Professor Ottersen points out that even if KI is a medical university, he will actively encourage more multidisciplinary work and is keen to see closer and broader cooperation with the Royal Institute of Technology, with other universities – including Stockholm and Uppsala – and, last but not least, with Nordic medical institutions.
How do you plan to go about strengthening education?
“I believe that teaching at a leading university like Karolinska Institutet must carry a high status and that you need to have examinations that in themselves are part of the learning process and to go through the study programmes to see how the degrees can yield more benefit to the students. Digital degrees are often in demand from the students and this is something we’ve put a lot of effort into at Oslo University. I don’t know how far KI has come, but it’s an important area to focus on.”
Why is education so often in the shadow of research?
“All universities put a premium on research because it has higher kudos,” says Professor Ottersen. “But raising the status of education pays off in research terms too. Both areas benefit from it. After all, we source a lot of our researchers from amongst our own students, and it’s useful to get students involved in research as much as possible.”
Professor Ottersen has himself taught for over 30 years and is a much cited researcher in his field.
“I think that the combination is inspiring,” he says. “It’s a wonderful thing to research and to pass your results onto the students and get their response. It’s not without reason that education and research belong together. They’re not rivals.”
Blogger and public debater
His own research has focused on the brain and the neurotransmitters that allow nerve cells to “talk” to each other. He has also researched how water is transported in the brain. This said, he devotes some of his time to a completely different field:
“I’m very interested in global health and have led the Lancet-University of Oslo Commission on Global Governance for Health, which has been looking at health inequality around the world and the mechanisms driving it.”
Professor Ottersen is a well-known blogger and public debater in Norway. He believes that research policy should operate with a degree of consistency, and often talks about the value of foresight and endurance to research success and of having strong research funders and a higher basic appropriation for universities.
“Research is time consuming, and it can sometimes take up to fifteen years for you to arrive at the goal of your investigation. Financing is very much governed by what are seen as more or less acute needs and you have to make sure to keep changing the research financing objectives.”

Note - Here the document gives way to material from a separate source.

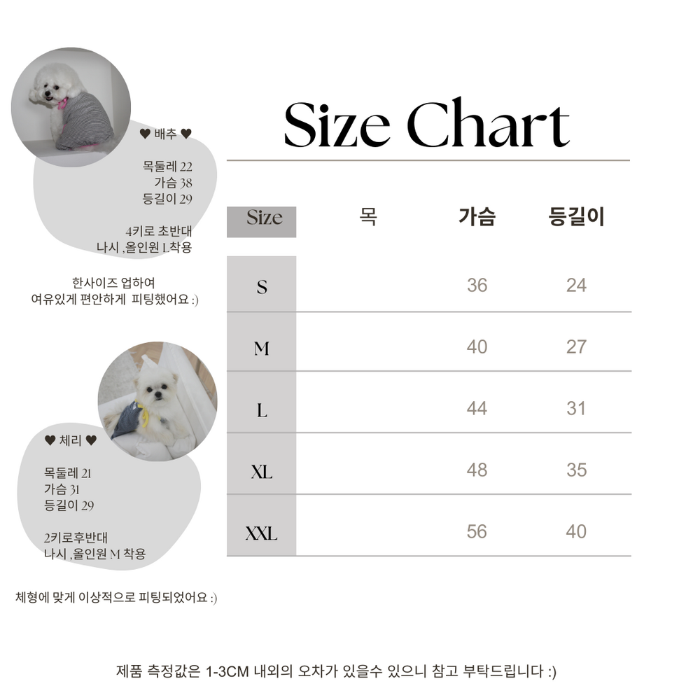 1-3CM (둘레기준) 정도의 오차가 있을수 있으며,

He also sticks his neck out on the issue of whether universities should recruit researchers at the top of their careers or invest in junior doctoral graduates and postdocs by creating attractive internal career pathways.
“I’ve been saying this for a long time, from the perspective of Oslo University, that the best way to recruit is to target young talent. This is a sound recruitment strategy and allows you to build strong subject fields.”

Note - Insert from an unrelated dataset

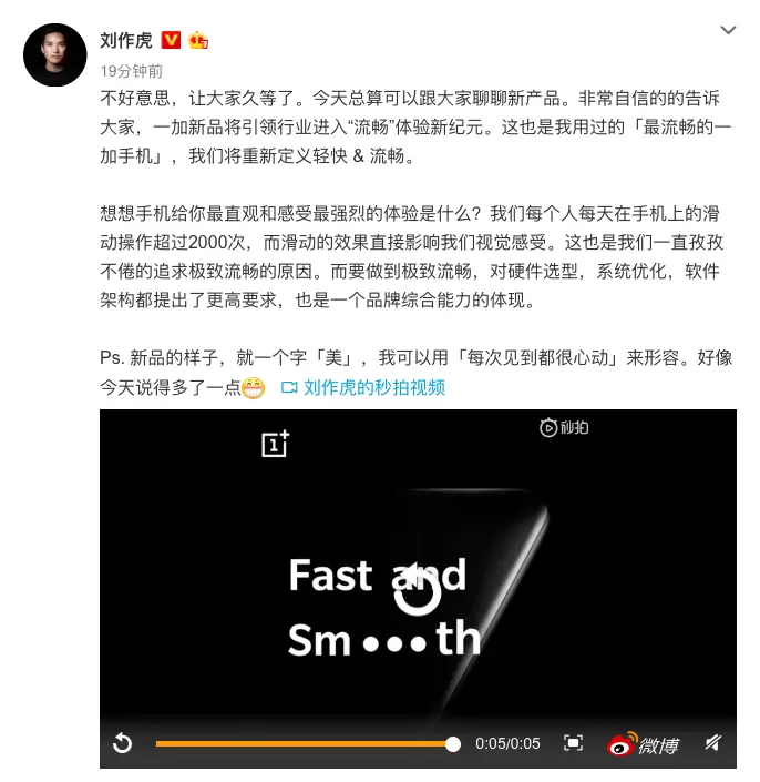 刘作虎首曝一加新品:引领行业进入流畅体验新纪元

The final question of the interview concerns the motto that Karolinska Institutet should have if Oslo University’s is “We are reaching for the stars”. But he chooses not to say.

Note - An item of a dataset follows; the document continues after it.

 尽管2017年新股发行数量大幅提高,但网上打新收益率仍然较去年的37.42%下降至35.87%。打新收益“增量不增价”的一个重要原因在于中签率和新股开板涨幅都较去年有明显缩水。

“It’s not up to me as vice-chancellor to dictate what the university’s motto will be. But it’s good if it signals ambition, because high ambitions are the most important driver of excellence – or frontline research, as I prefer to say. However, the ambitions must be realistic and can only be achieved brick by brick – never by taking shortcuts. I think it’s good to have the ambition to reach for the stars, to do your best to reach a little beyond your grasp.”